Data provided =
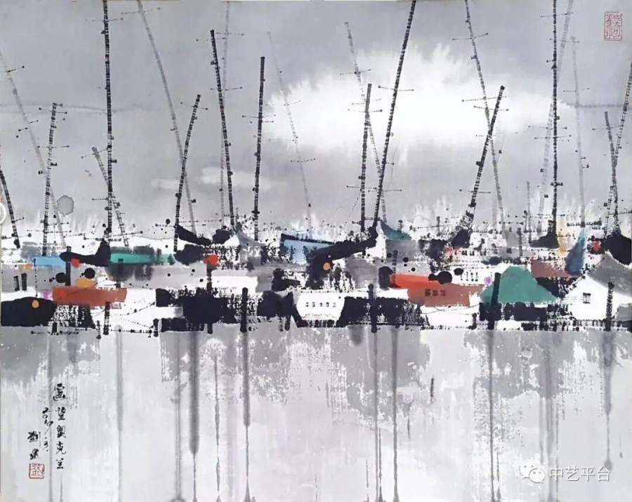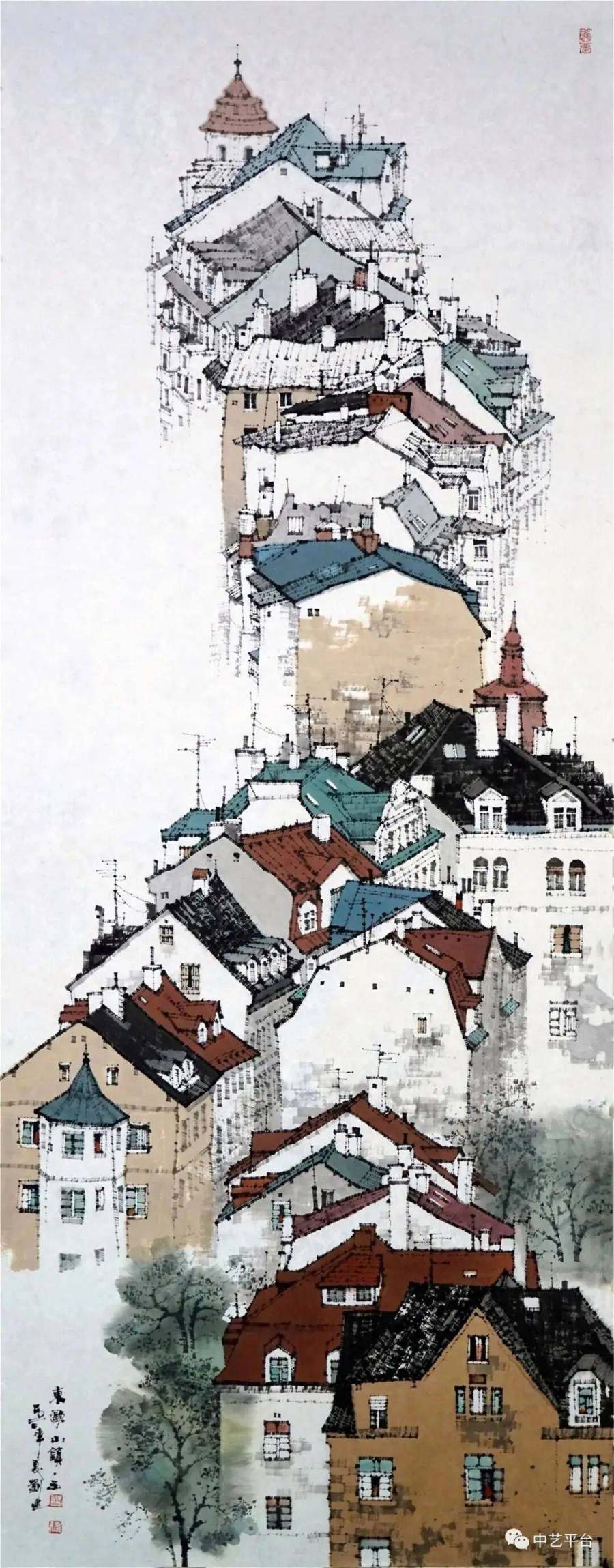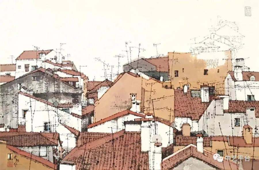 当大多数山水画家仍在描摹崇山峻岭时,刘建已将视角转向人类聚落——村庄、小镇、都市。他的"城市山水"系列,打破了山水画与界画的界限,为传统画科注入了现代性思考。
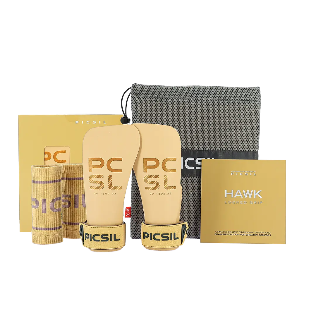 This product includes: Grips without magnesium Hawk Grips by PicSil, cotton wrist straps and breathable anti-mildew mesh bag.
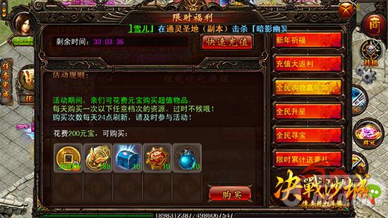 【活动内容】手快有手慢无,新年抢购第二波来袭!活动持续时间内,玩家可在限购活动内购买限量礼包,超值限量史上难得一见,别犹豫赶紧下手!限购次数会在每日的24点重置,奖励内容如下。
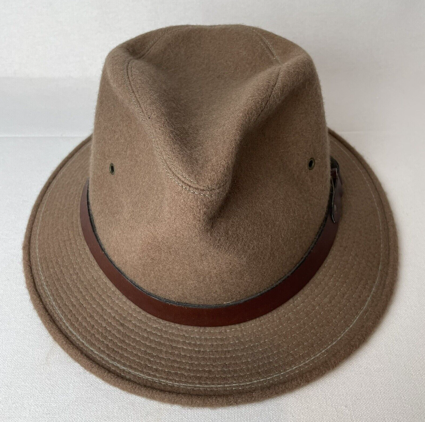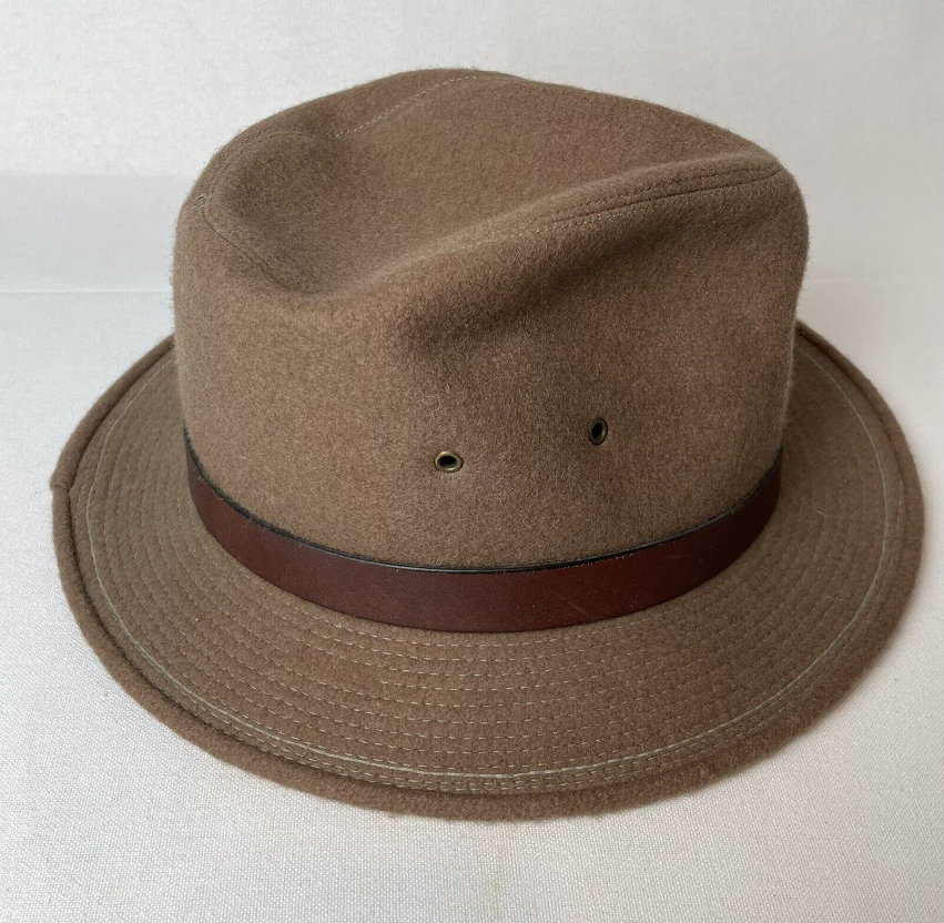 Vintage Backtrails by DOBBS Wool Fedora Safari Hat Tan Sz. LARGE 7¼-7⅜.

Your instructions = Without any of its pictures, the listing is to be repeated exactly as it stands.

Your solution =
 当大多数山水画家仍在描摹崇山峻岭时,刘建已将视角转向人类聚落——村庄、小镇、都市。他的"城市山水"系列,打破了山水画与界画的界限,为传统画科注入了现代性思考。
 This product includes: Grips without magnesium Hawk Grips by PicSil, cotton wrist straps and breathable anti-mildew mesh bag.
 【活动内容】手快有手慢无,新年抢购第二波来袭!活动持续时间内,玩家可在限购活动内购买限量礼包,超值限量史上难得一见,别犹豫赶紧下手!限购次数会在每日的24点重置,奖励内容如下。
 Vintage Backtrails by DOBBS Wool Fedora Safari Hat Tan Sz. LARGE 7¼-7⅜.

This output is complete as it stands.